As Ecuador has told Britain, an assault on an embassy is technically
an act of war, as embassies are viewed legally as the territory of the
home country they represent.
Already, there are threats in other countries to invade and take over
British embassies if Britain makes good on its threat and has police
assault the Ecuador embassy. It’s a fair bet that in Latin America,
where there is broad support for Ecuador’s principled stand, and where
asylum in embassies has a hallowed tradition and has saved many people
during coups and dictatorships, it’s a good bet that British embassies
would take a heavy beating if Assange is dragged out of Ecuador’s embassy.
US embassies too could take a hit, since Latin Americans are acutely
aware of America’s role in this affair, and have little love lost for
America and its penchant for pushing its weight around. Ecuador’s President
Rafael Correa has called for a meeting of the Organization of American
States to address the British threat to his country’s sovereignty.
Odds are that Britain is bluffing, although it has massed police and
vans around the Ecuador Embassy building, which, unlike the fort-like
US embassies around the world, sits unguarded and unwalled on a street
in London, though the question of how or when Assange will be able to
escape the embassy and gain safe passage out of Britain and to Ecuador,
and whether he could subsequently avoid being kidnapped there and “renditioned”

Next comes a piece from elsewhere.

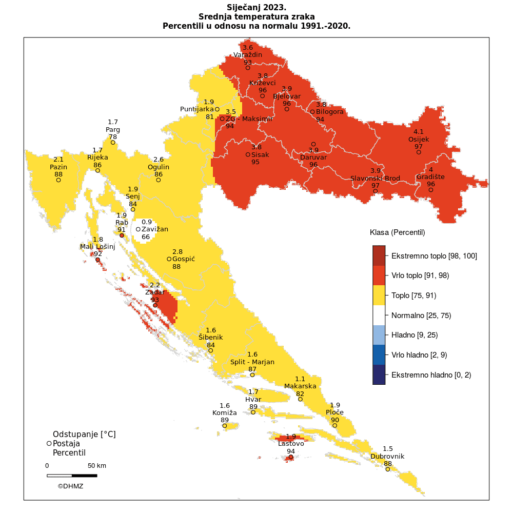 DHMZ je nedavno objavio klimatološku analizu siječnja 2023. Za ljubitelje klimatoloških podataka vrlo je zanimljiva vijest da su naši klimatolozi prvi put o ovoj analizi koristili najnoviji klimatološki prosjek, a to je onaj od 1991. do 2000. Ovo je bitno jer u dobu globalnog zagrijavanja stariji prosjeci gotovo da su irelevantni kada ih koristimo kao referentno razdoblje za usporedbu s posljednjim godinama. Tako je siječanj 2023. očekivani u cijeloj Hrvatskoj bio topliji, a odstupanje je najizraženije bilo u Slavoniji. Veći dio Dalmacije dobio je ocjenu "toplo", a nema sumnje da bi ocjena bila još "toplija" da se nije dogodilo zahlađenje u posljednjoj dekadi mjeseca.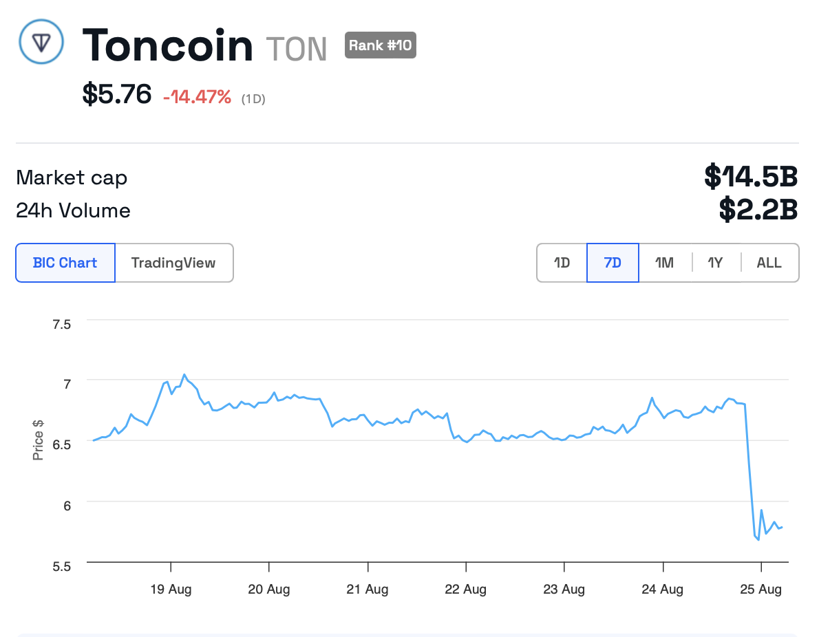 Depuis l’annonce, le cours du Toncoin a en effet chuté d’environ 15%, passant de 6,80 $ à 5,76 $, selon les données de BeInCrypto.

to the US, remains. British supporters of Assange have been putting
out calls on social media for people to mass around the embattled embassy
to protect it against a police assault. Some have already been arrested
doing so there.
What this astonishing incendiary reaction by the British Foreign Office
to Assange’s grant of asylum by Ecuador makes abundantly clear is that
Assange and his Wikileaks organization are truly feared by Britain and
the US. His organization’s ability to expose the war crimes, the war
criminals, and the international treachery of these two countries and
their allies around the world is one of the biggest threats they face,
and they are proving it by their desperate efforts to neutralize or
eliminate him.
DAVE LINDORFF is a founding member of ThisCantBeHappening!, the new
independent Project Censored Award-winning online alternative newspaper.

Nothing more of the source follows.